I visited a local bodyman who has been in the biz for decades (for help with another door striker issue I am having) and he said don't even bother with this...just buy new lower assemblies. I guess he's tried it on several GMs and the failure rate is high even with professional air tools and a jig he built for this specific job. 

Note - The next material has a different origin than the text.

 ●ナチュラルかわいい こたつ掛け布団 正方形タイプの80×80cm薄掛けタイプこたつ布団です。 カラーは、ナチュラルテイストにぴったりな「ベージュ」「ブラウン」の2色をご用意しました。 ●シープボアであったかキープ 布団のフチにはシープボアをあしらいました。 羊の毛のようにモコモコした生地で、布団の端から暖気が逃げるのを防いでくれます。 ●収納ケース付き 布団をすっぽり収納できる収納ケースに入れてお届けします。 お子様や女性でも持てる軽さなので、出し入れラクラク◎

I've had the car since 1995 and never realized it should have door springs! Anyhow, I'm still pondering if it is worth the hassle to replace the hinges, but found the cheapest ones to be these:



https://www.opgi.com/door-handles-hardware/door-hinges/door-hinges-lower2/hinge-door-1966-67-chevelleel-camino-lower-chvc113.html



If you do go for the repair lmk how it goes!


----------



## GTOJUNIOR (Aug 7, 2011)

Same here, But I just picked up real good OE hinges over the years when I could, 
and have them prepped and painted and ready when or if they are ever needed.


----------



## Joes1966GTO (Apr 27, 2020)

Agree 100% with @ylwgto and @GTOJUNIOR - I was going to tackle the same job, and opted instead for a new lower hinge setup. I picked up a pair from Ames and they fit perfectly. I'm trying to keep as much original stuff as possible, but the PITA of replacing the lower hinge rollers made the decision easy. 
Agree with you too @Sick467 on the fact that is was a bad design and the failure to provide instruction to you (prior to you driving out the pin) was lousy customer support. Good luck! Looking forward to hear how it turns out.


----------



## Sick467 (Oct 29, 2019)

I have started an approach to fight the system. I will fix it or break it...that's my motto!

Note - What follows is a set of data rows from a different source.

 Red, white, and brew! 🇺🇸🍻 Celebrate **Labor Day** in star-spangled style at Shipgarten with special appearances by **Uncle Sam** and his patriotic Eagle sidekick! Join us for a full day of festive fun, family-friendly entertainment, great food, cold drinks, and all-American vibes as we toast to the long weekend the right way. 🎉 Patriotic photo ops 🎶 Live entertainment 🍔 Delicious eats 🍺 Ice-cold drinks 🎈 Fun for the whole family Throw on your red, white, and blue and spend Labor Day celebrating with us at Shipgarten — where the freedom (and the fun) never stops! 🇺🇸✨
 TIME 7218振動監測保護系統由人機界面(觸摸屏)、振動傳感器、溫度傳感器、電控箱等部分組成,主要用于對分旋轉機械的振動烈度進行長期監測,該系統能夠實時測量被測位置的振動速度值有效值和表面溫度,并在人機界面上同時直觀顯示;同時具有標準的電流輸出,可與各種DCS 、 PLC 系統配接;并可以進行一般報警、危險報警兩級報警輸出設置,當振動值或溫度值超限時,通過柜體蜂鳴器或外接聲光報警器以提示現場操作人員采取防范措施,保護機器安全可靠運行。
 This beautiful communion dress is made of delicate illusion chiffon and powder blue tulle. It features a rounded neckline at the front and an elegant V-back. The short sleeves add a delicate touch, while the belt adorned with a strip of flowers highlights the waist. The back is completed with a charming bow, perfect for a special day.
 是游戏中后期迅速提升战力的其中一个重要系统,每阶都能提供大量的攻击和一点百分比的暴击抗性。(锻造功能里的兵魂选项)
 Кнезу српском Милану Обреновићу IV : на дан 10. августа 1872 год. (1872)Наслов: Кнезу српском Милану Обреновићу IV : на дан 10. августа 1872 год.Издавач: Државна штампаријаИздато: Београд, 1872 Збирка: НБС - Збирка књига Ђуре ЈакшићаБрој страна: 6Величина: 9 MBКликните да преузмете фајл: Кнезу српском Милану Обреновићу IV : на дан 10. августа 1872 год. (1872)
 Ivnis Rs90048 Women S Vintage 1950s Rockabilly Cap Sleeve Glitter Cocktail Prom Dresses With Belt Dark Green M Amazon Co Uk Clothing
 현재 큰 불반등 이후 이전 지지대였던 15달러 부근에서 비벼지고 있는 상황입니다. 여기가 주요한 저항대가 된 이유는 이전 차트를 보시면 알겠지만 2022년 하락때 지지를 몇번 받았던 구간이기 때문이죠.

Here is where my mind is at up to this point...

I plan to try using a 5/16"-18 Socket Head Cap Screw that is 2" long instead of the supplied shoulder bolt. This 2" length is important so that you get the shank length the roller needs to spin on. Shorter than 2" and it's all threads and no shank. The roller ID can be opened up by about 0.005" so that it is a loose slip fit over the shank of the 5/16"-18 Socket Head Cap Screw. Otherwise, the fit is too tight and the roller will not spin. I sanded it out with this...










It's a 1/4" piece of rod with a hack sawed slit in it for a flap of 80 grit emery cloth. It took about 15 minutes per roller to sand the hole out to that slip fit. Most of the time was stopping and checking the hole size and swapping emery cloth.

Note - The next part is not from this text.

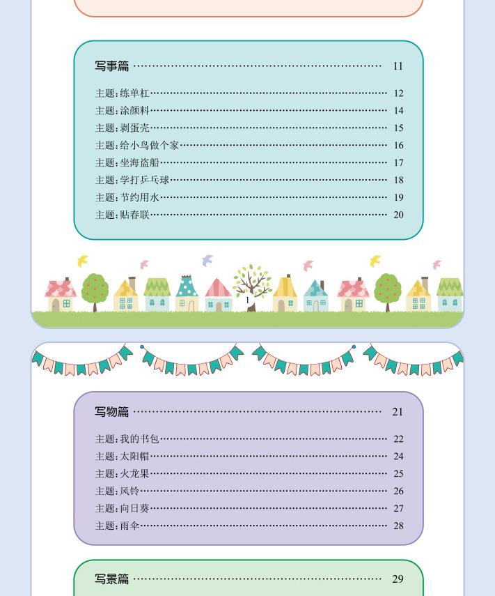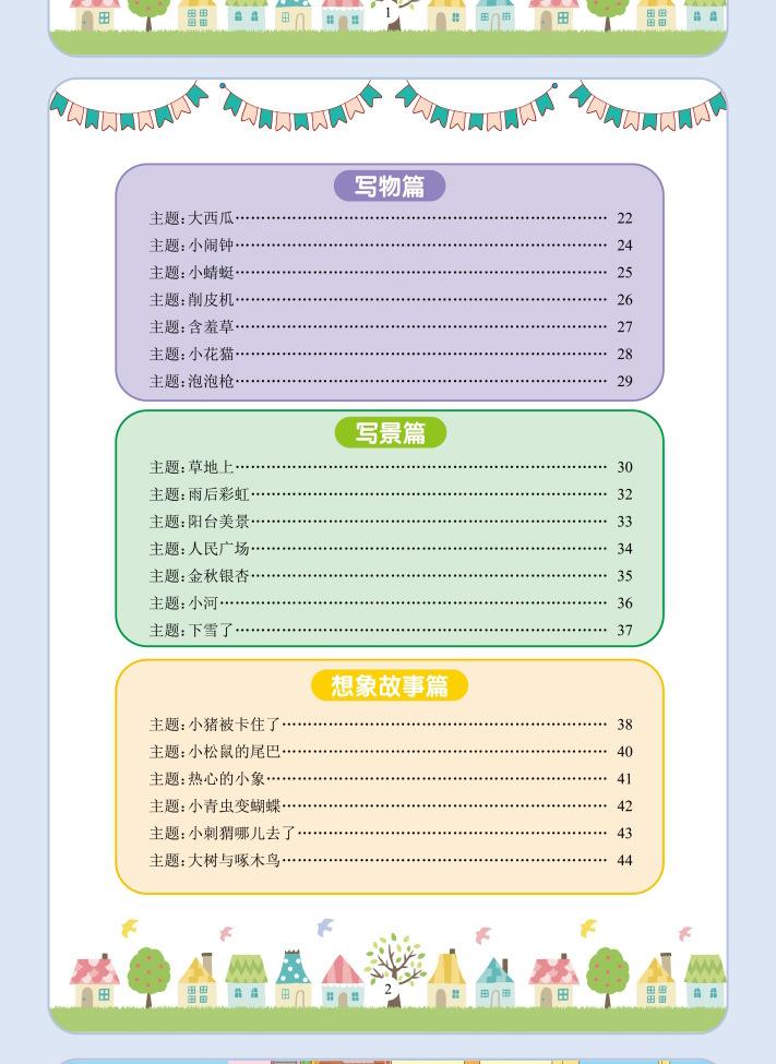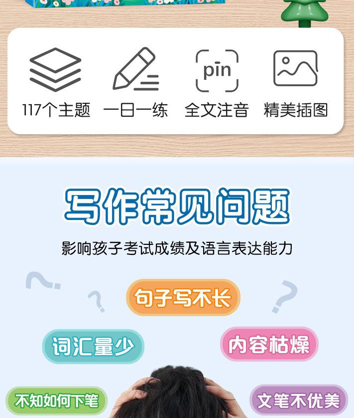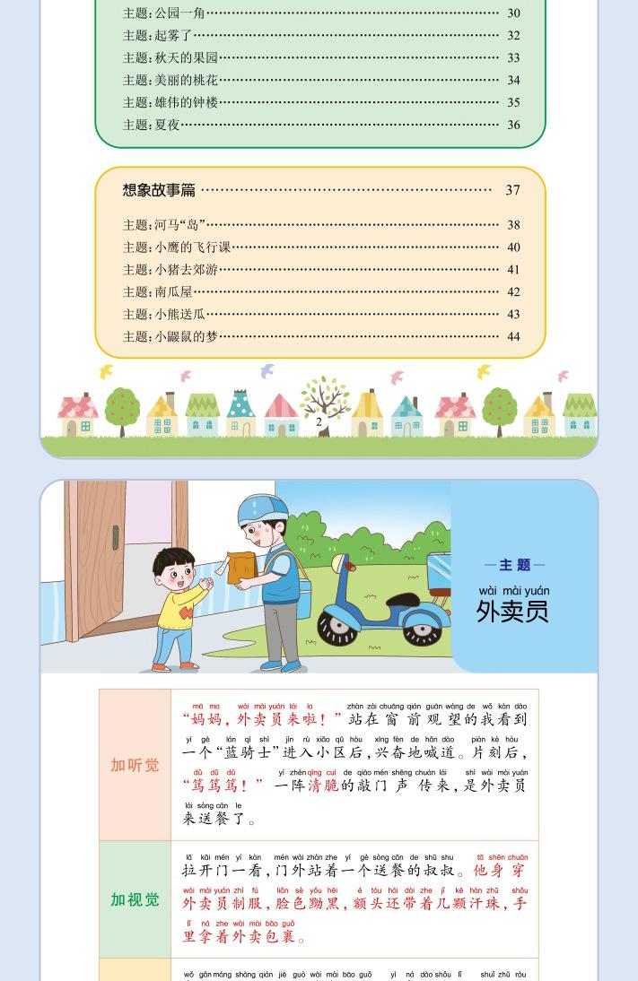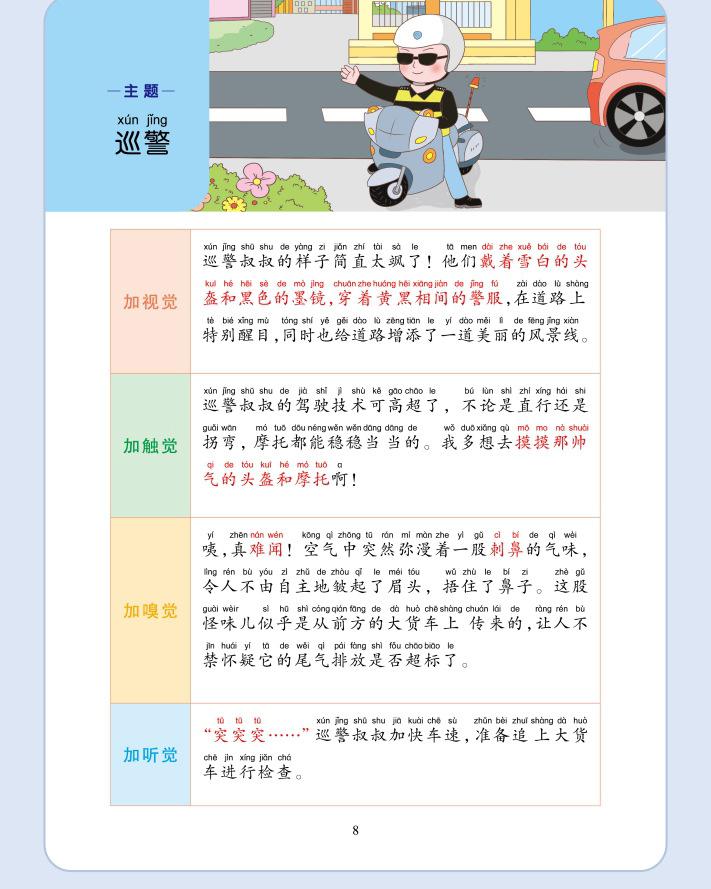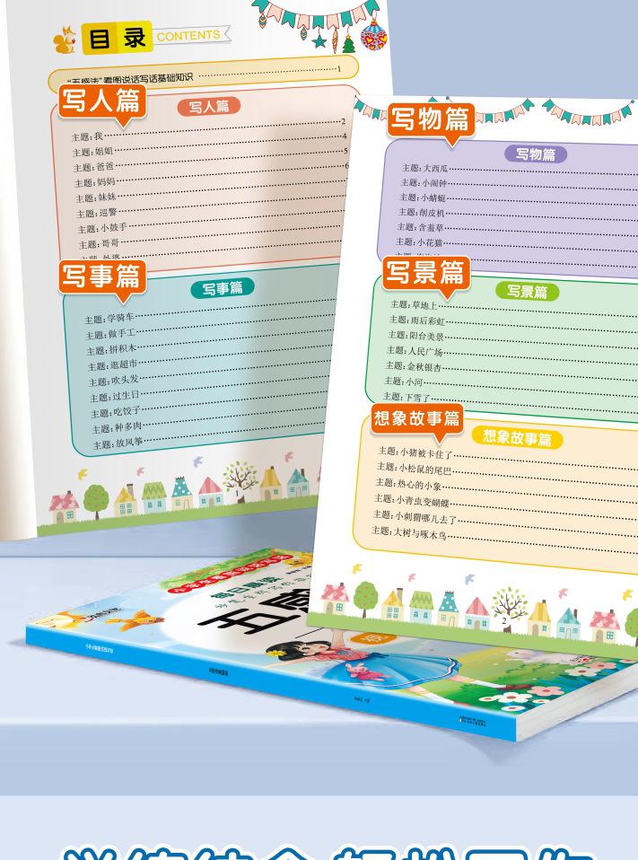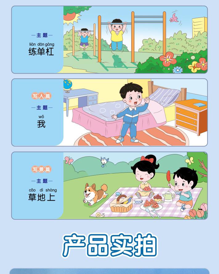 Lectura matutina diaria de sintaxis ampliada y cinco sentidos, alumnos de primaria leen imágenes, hablan, escriben palabras, libros sobre habilidades de redacción de composiciones.

The result was a roller that felt like the loose fit between the kit's shoulder bolt and unmodified roller. I did measure the kit's shoulder bolt and unmodified roller to find that 0.005" slip fit...










This is as far as I have gotten, but I plan to drill the hinge with a letter "H" drill bit (0.266") and tap for the 5/16"-18 threads. The "H" bit only enlarges the original hole by about 0.016" on the diameter. I hope to drill and tap the hole slightly deeper than original and then follow that with a slight counter drill so that the excess of shank length has a place to got into the hole. That SHCS shank is longer than the roller is thick and will have to protrude into the hole slightly to keep the roller from riding up and down on the shank. This machine work will not be real precise with the tools I have available and I imagine that I will have to custom cut the SHCS down in length so that it bottoms out in the new threaded hole...or maybe just cut the SHCS down short and drop a custom dud piece of rod in the hole to give the SHCS something to hit and bind against. Either way, it will be a lesson in trial an error with the hopes of sneaking up on the right dimensions and not going to far and having to start over with a new SHCS or dud.

For the record, here is the OER kit that I am using and the instructions that came with it...



















I'll have the rest of the story in the next few days, win lose or draw.


----------



## Sick467 (Oct 29, 2019)

Joes1966GTO said:


> ...
> Agree with you too @Sick467 on the fact that is was a bad design and the failure to provide instruction to you (prior to you driving out the pin) was lousy customer support. Good luck! Looking forward to hear how it turns out.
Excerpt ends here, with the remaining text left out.